Supplied material
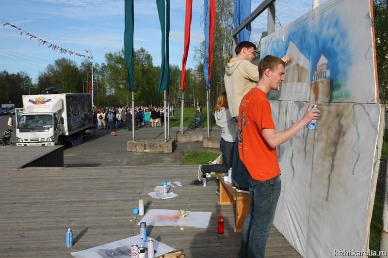 А еще все, кто побывал на «Ночи музеев» в гостях у музея «Кижи», стали свидетелями студенческого пленэра. Студенты Славянского института на холстах в стиле граффити выполняли коллективную работу на тему: «История Петрозаводска. Архитектура Соборной площади». На глазах посетителей рождалось художественное размышление на тему взаимосвязи исторических эпох, олицетворяемых разными архитектурными символами – Музыкальным театром и Святодуховским собором.
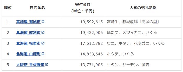 ・前年2位だった都城市が1位に。寄付金額は195億円超
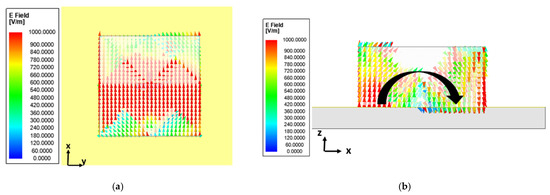 Electric field distribution over DRA (a) XY Plane (b) XZ Plane.
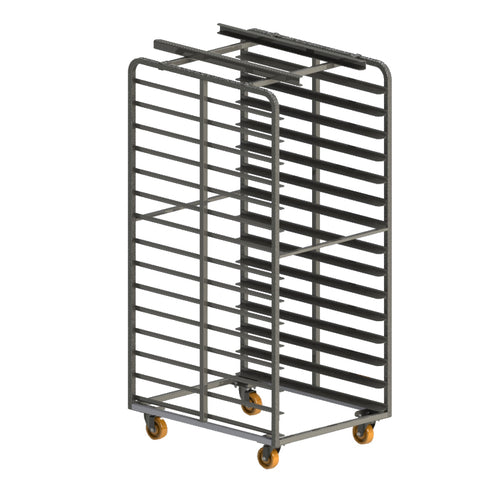 Roll-In Oven Rack, (20) 18" x 26" pan capacity, double side load, 6" spacing, stainless steel (specify lift style)

Task instructions
Your answer should contain all the material above, written out exactly, and none of the pictures.

Written solution
 А еще все, кто побывал на «Ночи музеев» в гостях у музея «Кижи», стали свидетелями студенческого пленэра. Студенты Славянского института на холстах в стиле граффити выполняли коллективную работу на тему: «История Петрозаводска. Архитектура Соборной площади». На глазах посетителей рождалось художественное размышление на тему взаимосвязи исторических эпох, олицетворяемых разными архитектурными символами – Музыкальным театром и Святодуховским собором.
 ・前年2位だった都城市が1位に。寄付金額は195億円超
 Electric field distribution over DRA (a) XY Plane (b) XZ Plane.
 Roll-In Oven Rack, (20) 18" x 26" pan capacity, double side load, 6" spacing, stainless steel (specify lift style)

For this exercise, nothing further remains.